I have actually used only once ever, the slide transitions and other attractions when I was addressing some company's big shots. I wanted to impress them (oh boy, so did I) and I used the Impressive script for the bling-bling part. Just try it; I don't like those things in presentations but it is indeed impressive :). But, surprise surprise, I had to spent 5-10 minutes of precious meeting time on explaining how I did it. So in that perspective, served its purpose? Nope!

Rule of thumb is: Don't try to impress the audience with gadgets etc. if you need their attention drawn to the content.

You might say "Well OK, how about creating slides? It's a pain in the rear bumper to put a single logo over that corner of the page and details like that makes it super difficult, whereas in Powerpoint you just click and it's there."

I think that is a valid point against LaTeX based presentation preparation in general. However, after a few attempts you simply get many things working and most of the stuff is not required anyway other than some logos and a few words here and there.

Obviously, you need to try it out and see it for yourself to decide.


There are plenty of good reasons to use LaTeX for presentations.

For me, a key reason that I havn't seen here so far is this:

  • Consistent tools. I use LaTeX for my regular work. I need an easy way to get my "printed" work into the presentation. LaTeX-beamer allows me to do this very easily. All the way to publishing it on my homepage.
    This in particular includes the various functionality ranging from formulas, code excerpts to any other LaTeX extension.

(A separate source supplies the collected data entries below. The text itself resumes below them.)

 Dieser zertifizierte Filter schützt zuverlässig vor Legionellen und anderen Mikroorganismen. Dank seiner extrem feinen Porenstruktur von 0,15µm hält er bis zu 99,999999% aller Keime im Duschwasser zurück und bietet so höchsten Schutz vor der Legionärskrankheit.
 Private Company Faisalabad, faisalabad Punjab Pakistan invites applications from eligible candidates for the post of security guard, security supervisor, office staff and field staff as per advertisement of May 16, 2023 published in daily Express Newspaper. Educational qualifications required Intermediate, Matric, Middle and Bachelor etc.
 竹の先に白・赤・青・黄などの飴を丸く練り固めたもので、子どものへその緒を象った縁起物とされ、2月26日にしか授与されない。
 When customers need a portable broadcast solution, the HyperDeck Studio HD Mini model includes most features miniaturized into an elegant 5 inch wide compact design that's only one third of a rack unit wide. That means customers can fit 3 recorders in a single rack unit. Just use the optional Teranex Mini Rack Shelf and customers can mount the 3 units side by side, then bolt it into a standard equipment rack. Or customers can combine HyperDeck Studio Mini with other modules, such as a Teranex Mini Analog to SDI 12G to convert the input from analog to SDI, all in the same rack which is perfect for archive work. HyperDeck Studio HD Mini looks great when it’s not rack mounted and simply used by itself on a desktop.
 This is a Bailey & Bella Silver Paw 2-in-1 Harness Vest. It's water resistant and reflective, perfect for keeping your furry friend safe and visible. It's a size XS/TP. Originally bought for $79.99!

  • Focus. On the contents, not on the presentation. Once you are used to LaTeX presentations, Powerpoint pretty much looks like a drawing program to you, instead of a presentation tool.

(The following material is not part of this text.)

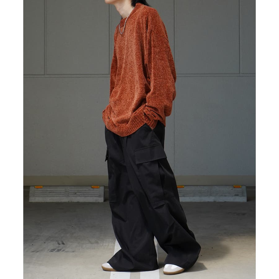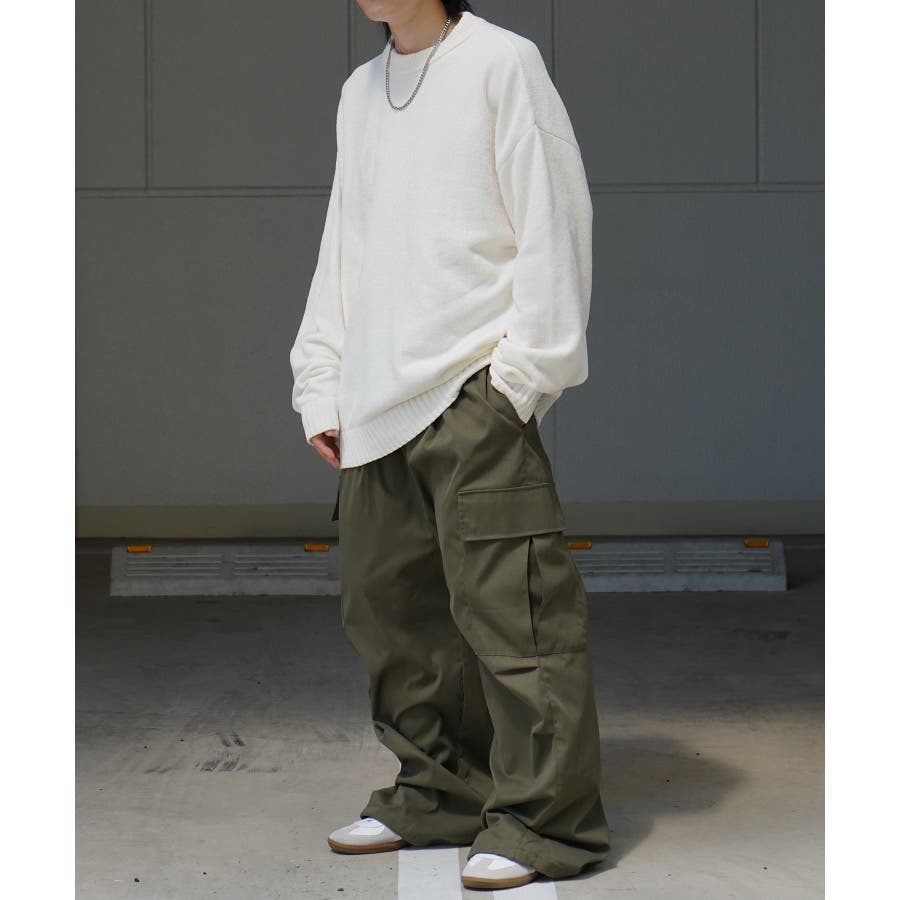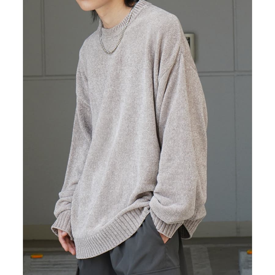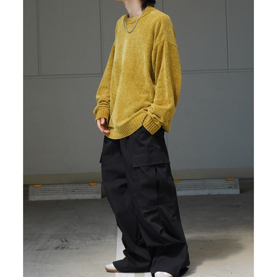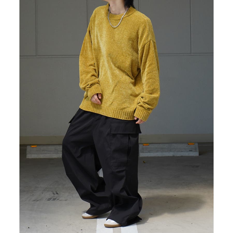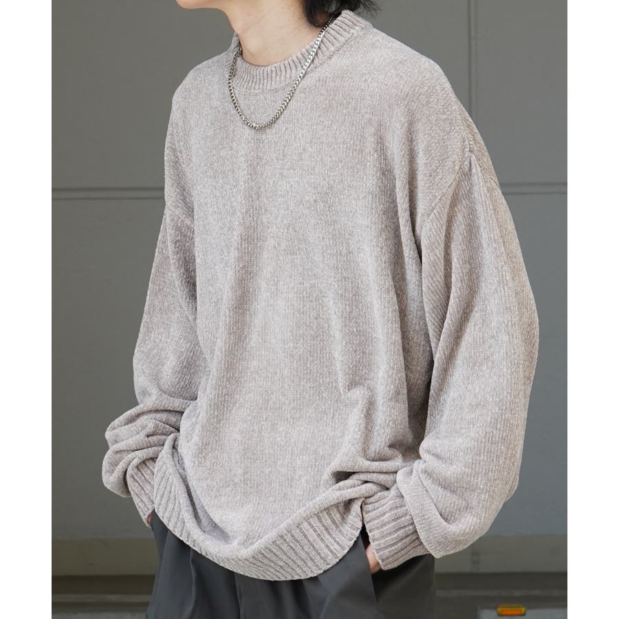 腕部分のデザインが「Loose Hi-neck KNIT」と異なり袖幅から袖リブ幅にかけて幅を狭め、ビッグシルエットが表現できるようなハリ感も残したため、手首付近に生地が溜まり程よいボリューム感を演出するデザインに。

  • Quality. Even with "just" screen resolution, LaTeX just looks more polished.

As for PDF. It is designed to give a guaranteed result. I know plenty of people that always keep a PDF version of their presentation around, just in case that PowerPoint again screws up. Heck, I've seen Microsoft engineers do their PowerPoint presentation in edit mode, because switching to presentation mode would screw up the text positions. Plus, the PDF can easily be put online. And even more: pdflatex with the hyperref package will not just create a dumb PDF, but actually a cross-referenced PDF.

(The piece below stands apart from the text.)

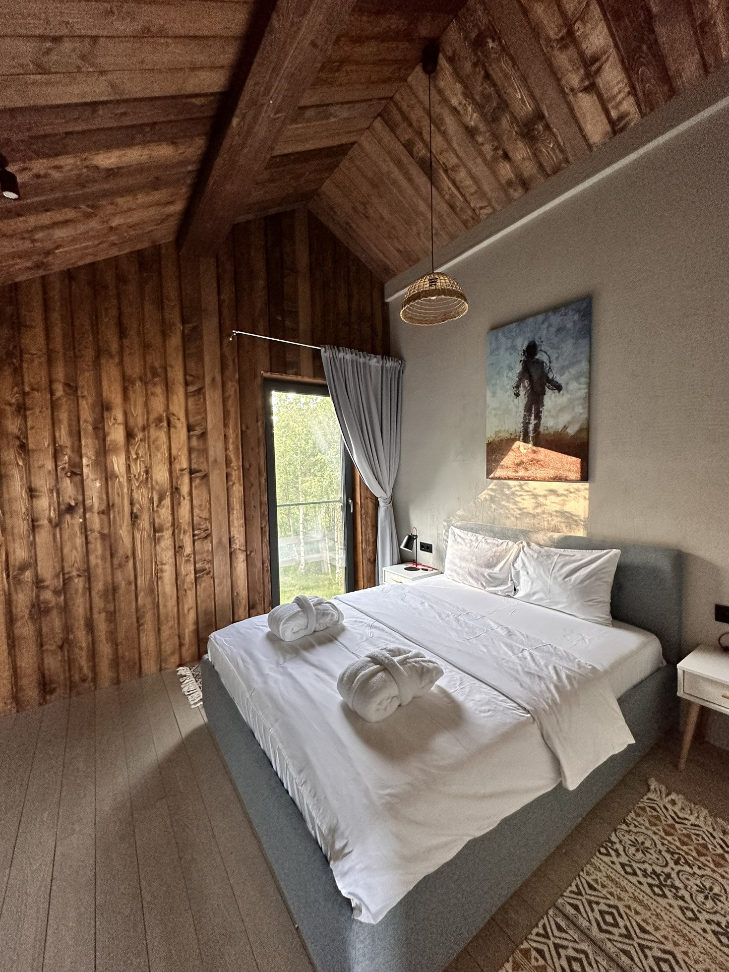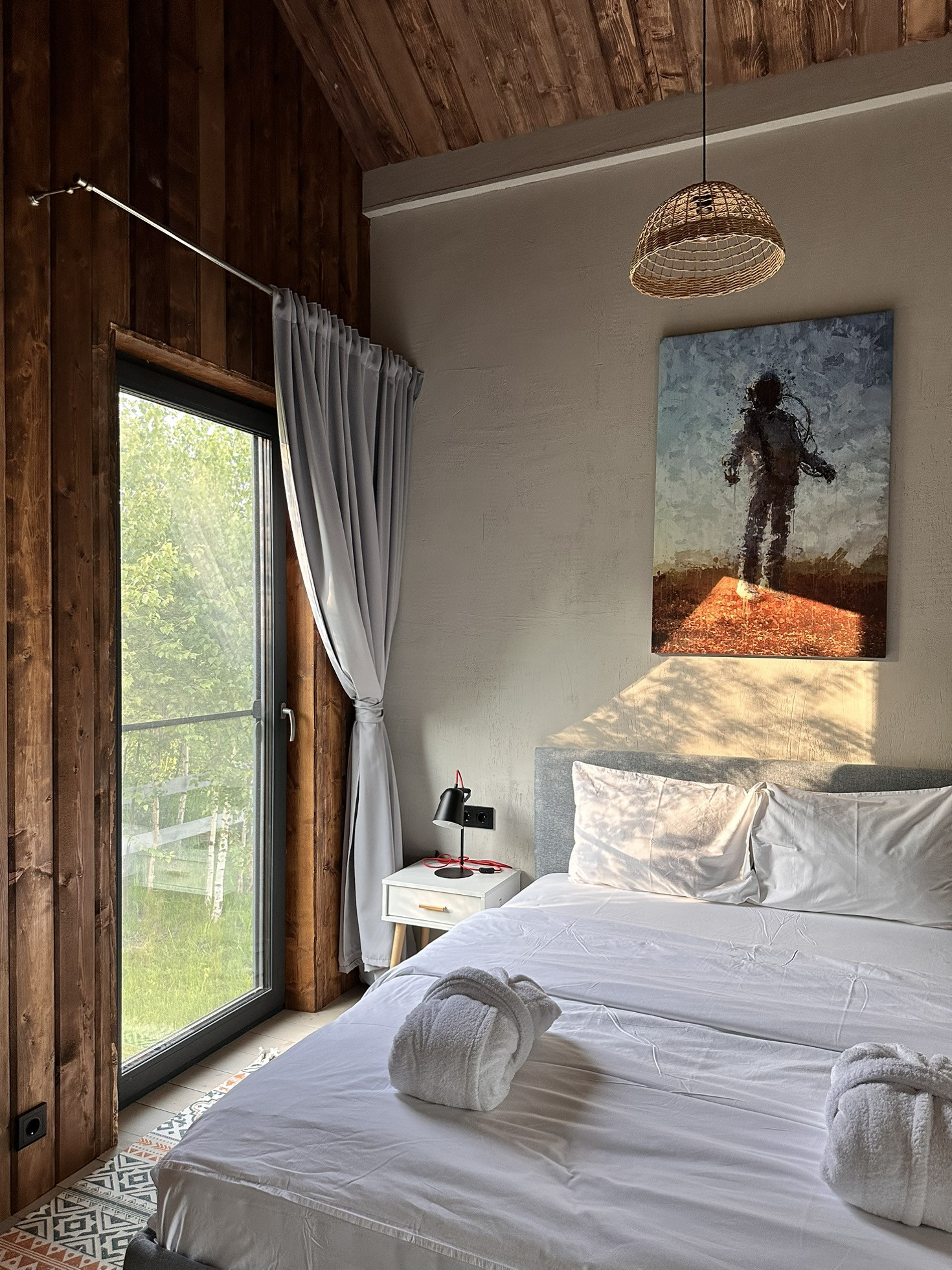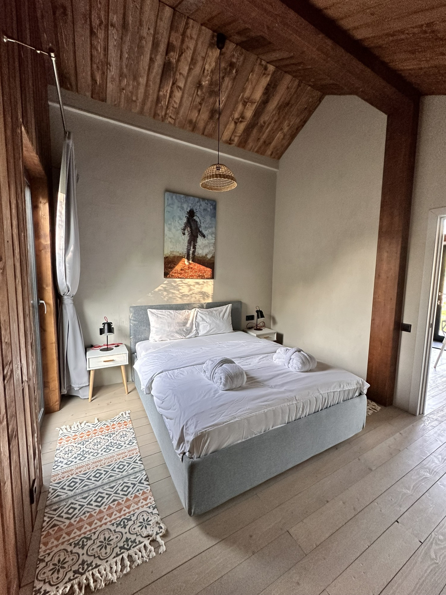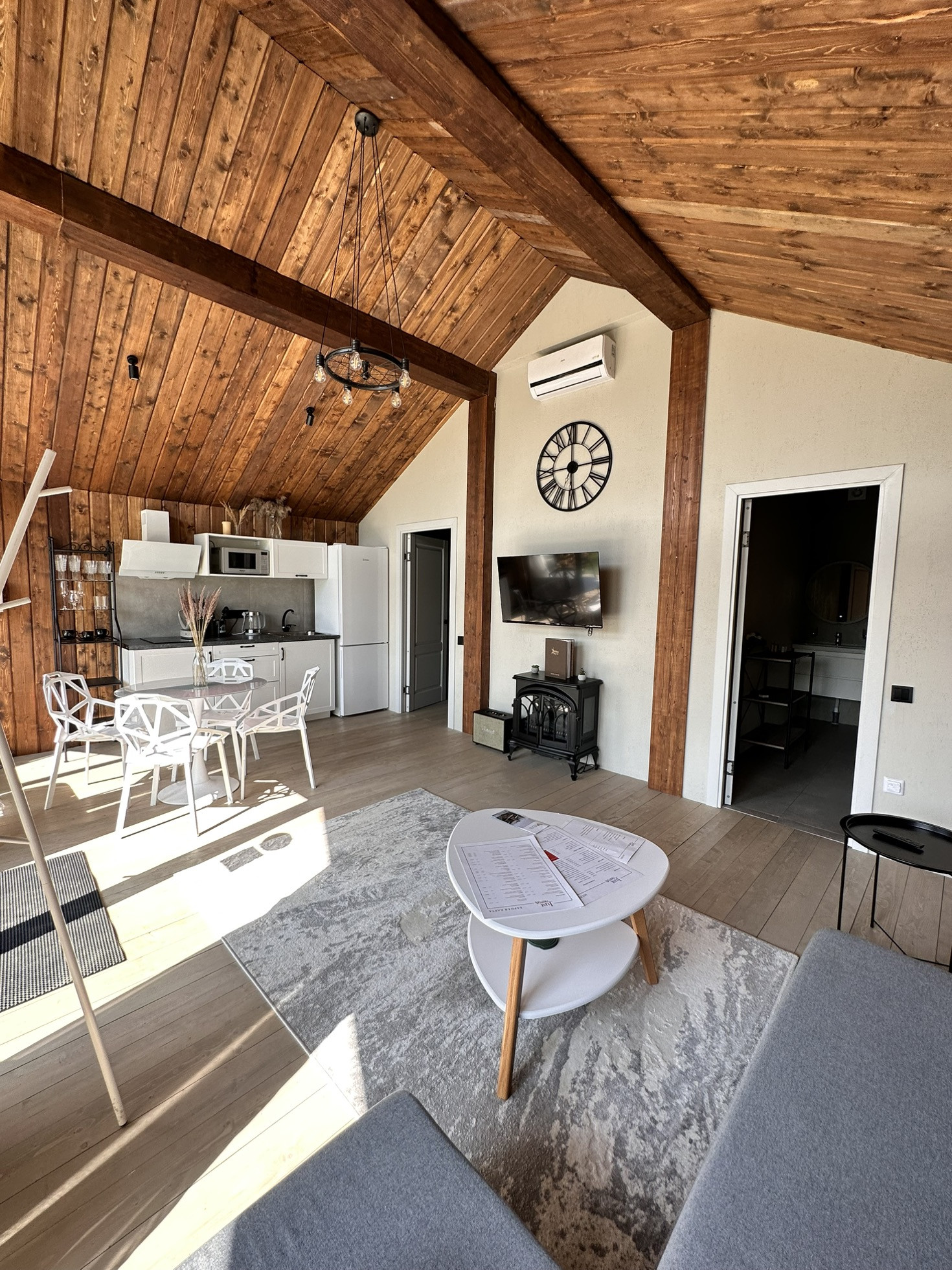 Дом Barn построен на участке 6,2 соток. Площадь застройки 55 кв.м. Дом 43 кв.м. + 12 кв.м. терраса. Одна изолированная спальня, кухня-гостиная, санузел, терраса, своя парковка. Участок засажен соснами.

As for being static. I never use animations in my presentations. They tend to distract people from what I'm saying. And after all, it's not a slideshow, but a talk.

Some additional benefits:

  • Consistent screen and print versions. With little effort you can use the same source to produce both screen versions (with overlays) and print/handout versions (no/reduced overlays). The print quality will be up to your usual standards.
  • BibTeX for easy citations in presentations. Even with a link to the publication.
  • Includes. You can easily build multiple versions with overlap, if you structure your input data appropriately. For example, you can have multiple chapters, and build either a single big presentation (for reference), or per-lecture excerpts easily. This can be useful on many levels, e.g. including "about us" slides easily, sharing chapters or topics across presentations etc. All without copy&paste - fix an error in one place, have it fixed in the other place, too. Include some additional material as backup slides for your presentation version etc.
  • Programmable. You can even write programs to generate your slides. Or plots (this is where I mostly use it).